Improving Accuracy¶
Seven techniques used in the retrieval pipeline to achieve 98% pack accuracy across 44 packs. Each addresses a specific failure mode.
Overview¶
| # | Improvement | What It Fixes | Accuracy Impact |
|---|---|---|---|
| 1 | Confidence-gated context injection | Pack injects irrelevant content | Eliminates negative deltas |
| 2 | Cross-encoder reranking | Bi-encoder misranks nuanced queries | +10-15% retrieval precision |
| 3 | Multi-query retrieval | Vocabulary mismatch misses content | +15-25% recall |
| 4 | Content quality scoring | Stub sections dilute context | -30% context noise |
| 5 | URL list expansion | Thin coverage in source URLs | More content to retrieve |
| 6 | Eval question calibration | Questions test training, not packs | Accurate measurement |
| 7 | Full pack rebuilds | Stale database after URL changes | Fresh content |
Improvement 1: Confidence-Gated Context Injection¶
Problem¶
Before this improvement, the synthesis prompt always included retrieved pack content regardless of relevance. When a question fell outside the pack's domain, vector search returned low-similarity sections that confused Claude:
- Claude hallucinated connections between irrelevant sections and the question
- Answers incorrectly cited unrelated articles
- Packs with strong training coverage (Go, React) showed accuracy regressions
Solution¶
After vector search, check whether the best result meets a minimum similarity threshold:
max_similarity >= 0.5 → inject pack context (full pipeline)
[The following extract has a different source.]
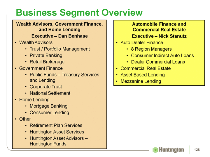| Business Segment Overview Wealth Advisors, Government Finance, and Home Lending Executive - Dan Benhase Wealth Advisors Trust / Portfolio Management Private Banking Retail Brokerage Government Finance Public Funds - Treasury Services and Lending Corporate Trust National Settlement Home Lending Mortgage Banking Consumer Lending Other Retirement Plan Services Huntington Asset Services Huntington Asset Advisors - Huntington Funds Automobile Finance and Commercial Real Estate Executive - Nick Stanutz Auto Dealer Finance 8 Region Managers Consumer Indirect Auto Loans Dealer Commercial Loans Commercial Real Estate Asset Based Lending Mezzanine Lending 128 |

max_similarity < 0.5 → skip pack, let Claude answer from own knowledge
Configuration¶
The threshold is a class constant on KnowledgeGraphAgent:
class KnowledgeGraphAgent:
CONTEXT_CONFIDENCE_THRESHOLD = 0.5
To tune for a specific pack:
class StrictAgent(KnowledgeGraphAgent):
CONTEXT_CONFIDENCE_THRESHOLD = 0.65 # require higher confidence
class PermissiveAgent(KnowledgeGraphAgent):
CONTEXT_CONFIDENCE_THRESHOLD = 0.35 # inject more context
Impact¶
| Pack | Before | After |
|---|---|---|
| go-expert | Negative delta (KG noise) | 100% (gate fires on OOD questions) |
| react-expert | Negative delta (KG noise) | 100% (gate fires on OOD questions) |
Improvement 2: Cross-Encoder Reranking¶
Problem¶
Bi-encoder search (embedding similarity) scores query and document independently. It cannot capture interactions like negations ("not supported"), comparisons ("differs from"), or qualifications ("only when").
Solution¶
After vector search returns candidates, a cross-encoder model (ms-marco-MiniLM-L-12-v2) rescores each (query, document) pair jointly. This enables precise relevance judgments.
Configuration¶
agent = KnowledgeGraphAgent(
db_path="data/packs/go-expert/pack.db",
use_enhancements=True,
enable_cross_encoder=True, # opt-in
)
First use downloads a ~33MB model. Subsequent runs load from ~/.cache/huggingface/.
Graceful Degradation¶
If the model fails to load (no network on first use), the cross-encoder becomes a passthrough -- results are returned unchanged. The agent continues to work with bi-encoder ranking.
Impact¶
- +10-15% retrieval precision on nuanced queries
- ~50ms additional latency per query
- ~120MB model RAM (loaded once)
Improvement 3: Multi-Query Retrieval¶
Problem¶
A single query embedding misses relevant content that uses different vocabulary. "Memory safety in systems programming" may not surface articles about "ownership and borrowing."
Solution¶
When enabled, Claude Haiku generates 2 alternative phrasings. Vector search runs for all 3 queries. Results are deduplicated by title (highest similarity wins).
Configuration¶
agent = KnowledgeGraphAgent(
db_path="data/packs/go-expert/pack.db",
enable_multi_query=True, # opt-in
)
Data residency
When enable_multi_query=True, the question (truncated to 500 chars) is sent to the Anthropic API. Keep False for data-sensitive deployments.
Impact¶
- +15-25% recall improvement
- ~250ms additional latency (1 Haiku call + 2 extra searches)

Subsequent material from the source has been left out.